Common AI Prompts for dbt Workflows in TalkingSchema

GoalExample prompt
Design mart layer schema"Design a star schema for [business process]. Grain: [one row per X]. Dimensions: [list]."
Generate staging model"Generate a dbt staging model for [table]. Cast all columns explicitly. Add surrogate key with dbt_utils."
Generate SCD Type 2 snapshot"Generate a dbt snapshot configuration for dim_customers tracking changes to city and customer_segment."
Generate schema.yml with tests"Generate a dbt schema.yml for [model] with not_null, unique, and relationship tests."
Generate intermediate model"Generate a dbt intermediate model that joins stg_orders to stg_promotions on promotion_code."
Generate mart model with all joins"Generate fct_order_line_items as a dbt mart model joining to all dimension tables via surrogate key lookups."
Refactor existing schema"Review the current fct_orders schema. Is the grain consistent? Are there missing dimension joins?"

Important Distinctions

TalkingSchema generates SQL, not a dbt project. The SQL that TalkingSchema generates in the chat interface is a code block. You copy it into your dbt project. TalkingSchema does not write files to disk, push to Git, or run dbt commands.

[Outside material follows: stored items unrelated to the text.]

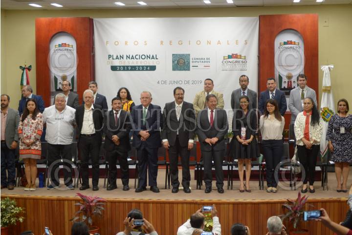 XALAPA, VERACRUZ, 04JUNIO2019.-Primer Foro Regional de análisis al Plan Nacional de Desarrollo (PND) 2019-2024, organizado por la Cámara de Diputados del Congreso de la Unión teniendo como sede el auditorio Sebastián Lerdo de Tejada, del Congreso de Veracruz, con la participación del diputado federal Reginaldo Sandoval Flores, representante del diputado Mario Delgado Carrillo, presidente de la Junta de Coordinación Política (Jucopo) de la Cámara de Diputados del Congreso de la Unión, así como del titular del Poder Judicial del Estado, Edel Álvarez y el Presidente del Congreso Local José Manuel Pozos, la senadora Gloria Sanchez, diputados federales, locales y empresarios. FOTO: ALBERTO ROA/CUARTOSCURO.COM
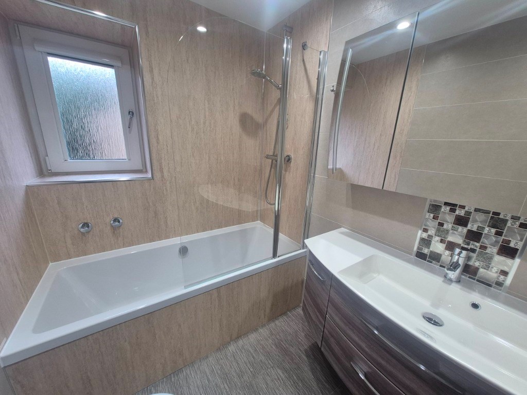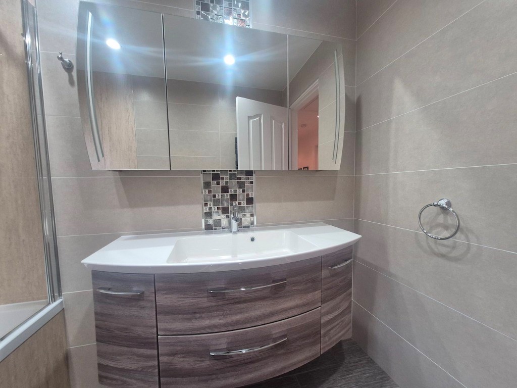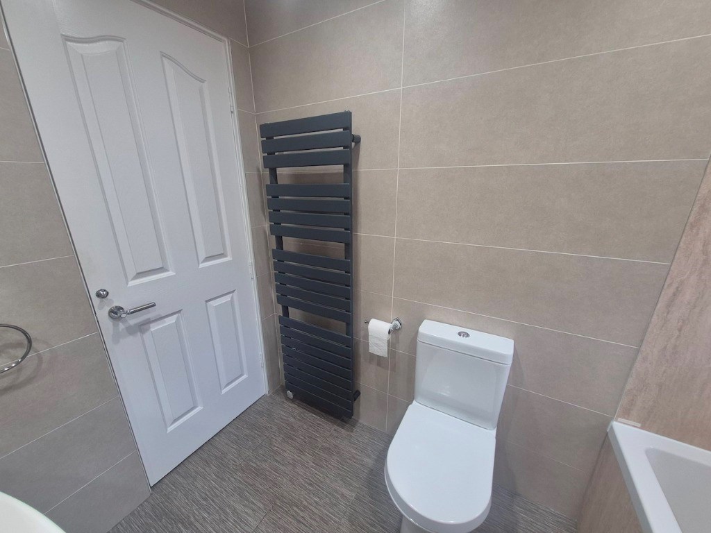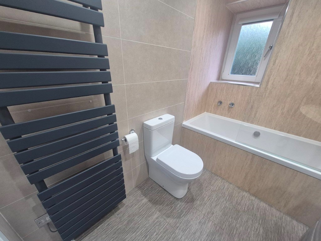Modern tiled bathroom with a shower over the bath, sink unit and WC . Wall mounted heated towel radiator and tiled floor.
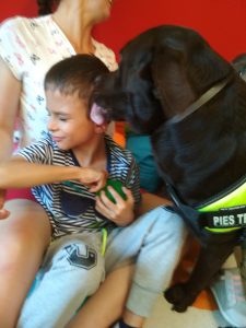oddziaływanie na sferę emocjonalną przez przełamanie bariery niepewności przed kontaktem z psem,
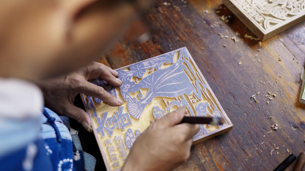7月5日,喜洲匠志集民藝中心甲馬版畫藝術館內(nèi),工匠正在雕刻甲馬。新華社發(fā)(羅曉川攝)
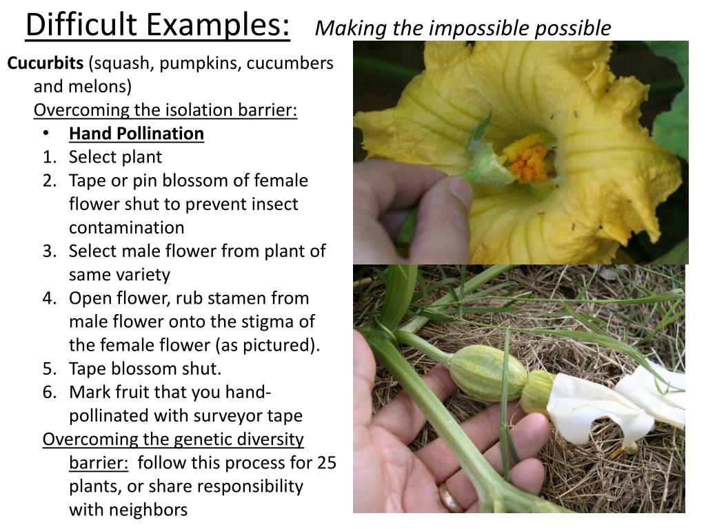 Difficult Examples:Making the impossible possible Cucurbits (squash, pumpkins, cucumbers and melons) Overcoming the isolation barrier: • Hand Pollination • Select plant • Tape or pin blossom of female flower shut to prevent insect contamination • Select male flower from plant of same variety • Open flower, rub stamen from male flower onto the stigma of the female flower (as pictured). • Tape blossom shut. • Mark fruit that you hand-pollinated with surveyor tape Overcoming the genetic diversity barrier: follow this process for 25 plants, or share responsibility with neighbors
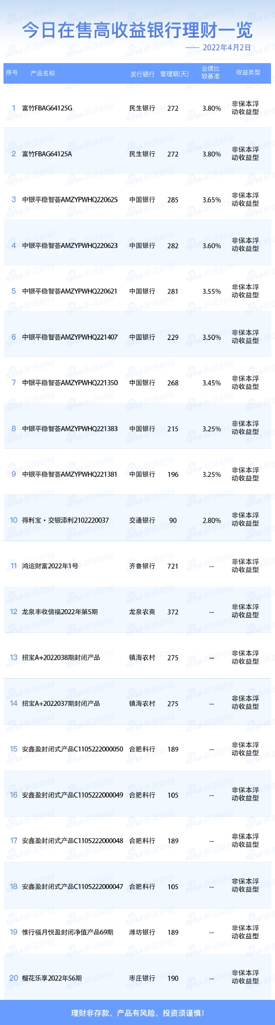 4月2日在售高收益银行理财产品一览。今日业绩比较基准在2.80%及以上的银行人民币理财产品共10款。理财非存款、产品有风险、投资须谨慎!
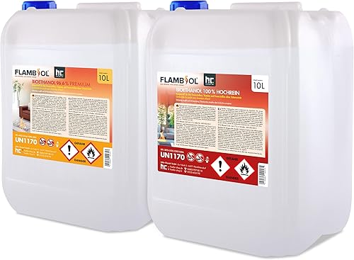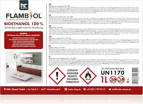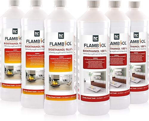 Höfer Chemie 6 x 1 L FLAMBIOL® Bioethanol Probierset für Ethanol Kamin, Ethanol Feuerstelle, Ethanol Tischfeuer und Bioethanol Kamin
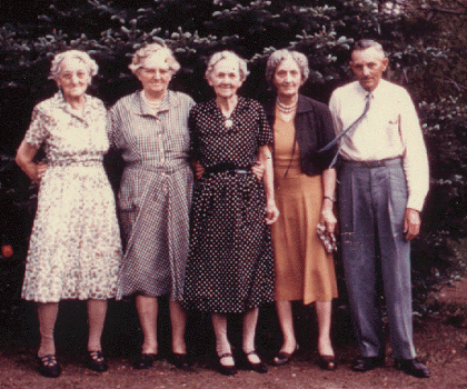 back: Grace (Freese) Twiehaus, Catharine (Roche) St. Clair, Gladys Unterbrink front: Alice (Freese) Molitor, Mary (Roche) Dosenbach, Amanda (Giessmann) Marsch, Bernice (Unterbrink) Dawson

dbt's AI Copilot is different from TalkingSchema. dbt Cloud includes an AI assistant for writing transformation SQL within the dbt Cloud IDE. This is a different tool for a different purpose: dbt's AI helps you write dbt models faster; TalkingSchema's AI designs the schema structure, dimensional model, and DDL.

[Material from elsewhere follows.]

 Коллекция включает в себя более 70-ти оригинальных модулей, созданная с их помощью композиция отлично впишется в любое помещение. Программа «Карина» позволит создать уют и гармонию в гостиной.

TalkingSchema is not a dbt orchestrator. It does not schedule dbt runs, manage environments, or handle CI/CD for your dbt project. For orchestration, use dbt Cloud, Airflow, Prefect, or another orchestration tool.

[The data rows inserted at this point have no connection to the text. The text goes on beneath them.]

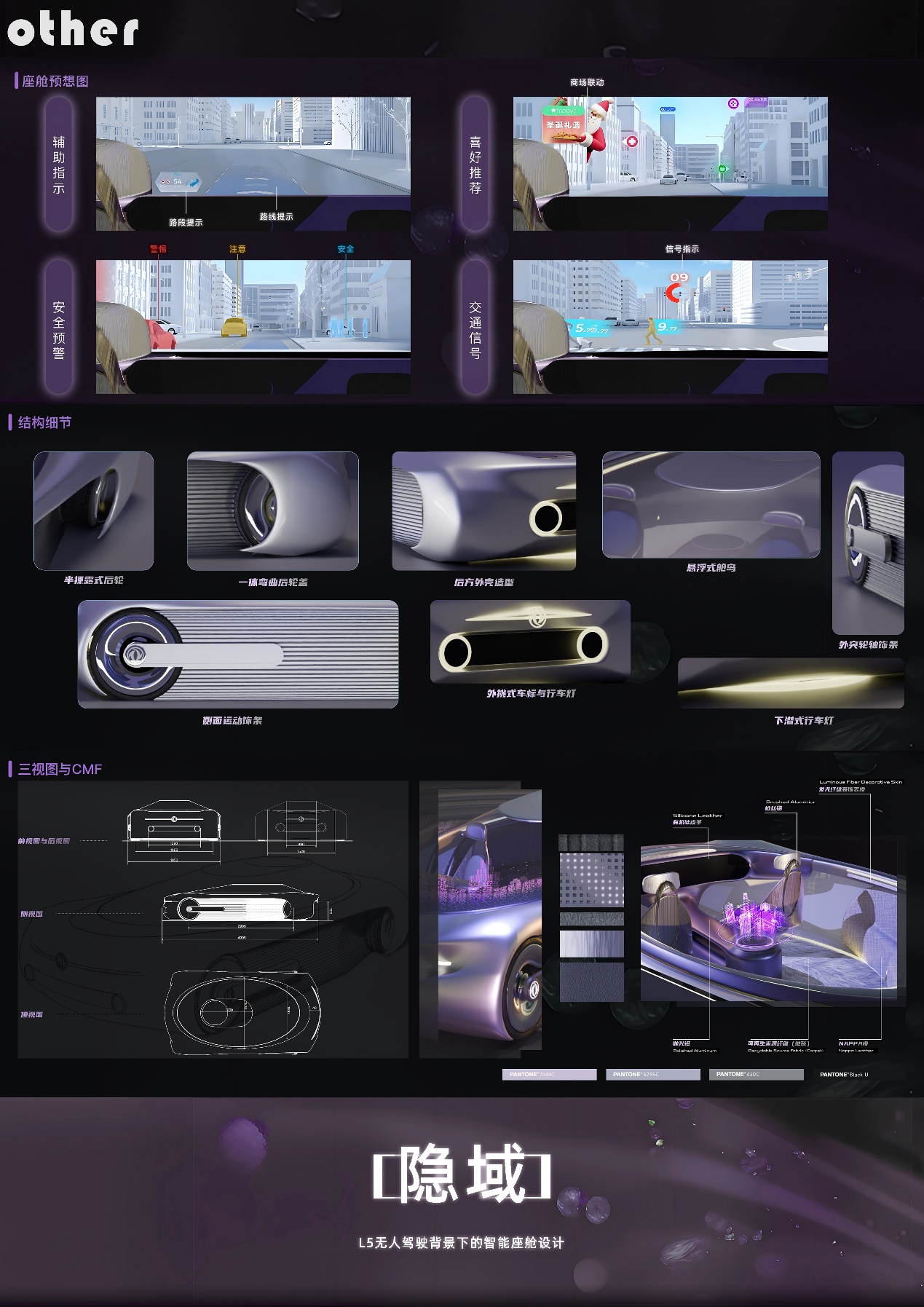 作品名称:隐域——L5无人驾驶背景下的智能座舱设计
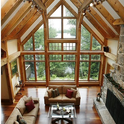 Cottage is a custom designed timber frame structure that is approximately 4800 sq. ft. on three levels
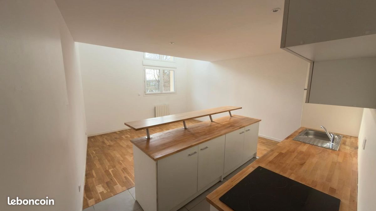 Dans secteur calme et pavillonnaire, appartement en duplex comprenant entrée, séjour avec cuisine ouverte aménagée, buanderie. A l'étage, chambre avec salle d'eau, wc. Vue dégagée sans vis à vis,
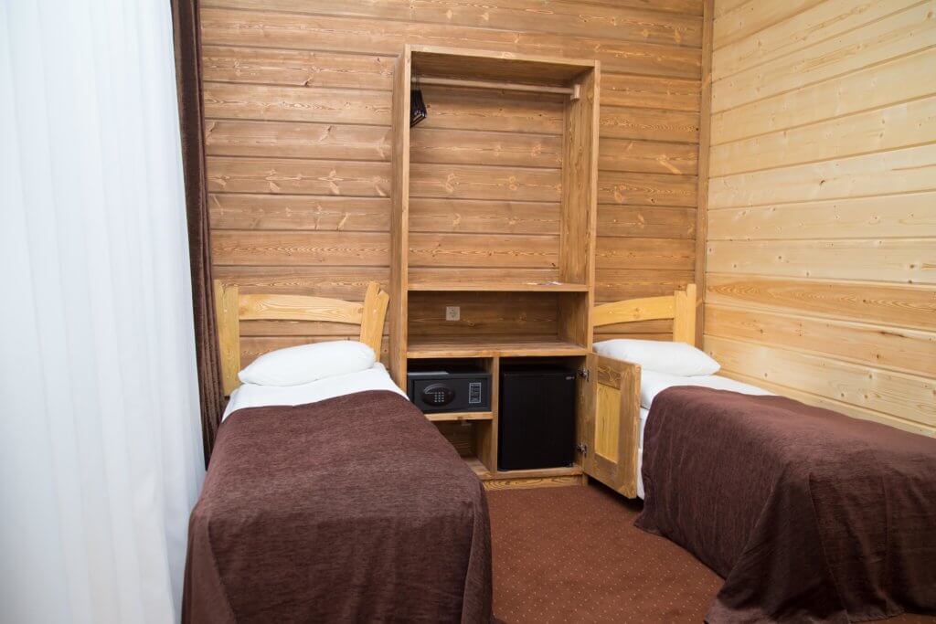 Две кровати-трансформер в сдвинутом/раздвинутом состоянии. В номере сейф, мини-бар за доп. оплату, плазменный ТВ, в санузле ванная, набор косметики, фен. Доп. место не устанавливается.

Frequently Asked Questions

Can TalkingSchema generate dbt models?

Yes. TalkingSchema's AI copilot can generate dbt model SQL — staging models, intermediate models, mart models, snapshot configurations, and schema YAML files — through the chat interface. The generated SQL follows dbt conventions: ref(), source(), dbt_utils macros, snake_case naming, and explicit type casts. The output is a code block you copy into your dbt project.

Does TalkingSchema integrate directly with dbt Cloud?

Not yet. There is no direct API integration with dbt Cloud or dbt Core in the current product. The workflow is copy-paste: generate SQL in TalkingSchema's chat, copy it to your dbt project. A deeper integration is on the roadmap.

What is the best workflow for using TalkingSchema with dbt on a new project?

  1. Start in TalkingSchema: describe the business domain, design the mart layer dimensional model, export the DDL
  2. Create the target tables in your warehouse using the DDL
  3. In TalkingSchema's chat, generate the dbt staging model SQL for each source table
  4. Copy the staging models to your dbt project and run dbt run --select staging
  5. In TalkingSchema's chat, generate the mart model SQL for each fact and dimension table
  6. Copy the mart models, run dbt build, and verify with dbt test
  7. Return to TalkingSchema when requirements change — iterate on the schema and regenerate affected models

Can TalkingSchema help me design a dbt project structure?

Yes. Ask TalkingSchema's AI copilot to recommend a dbt project structure for your specific use case: "I'm building a dbt project for a SaaS company with three business processes: subscription events, feature usage, and support tickets. Recommend a dbt project structure with staging, intermediate, and mart layers, and identify the conformed dimensions." The AI will suggest a full project structure following dbt best practices.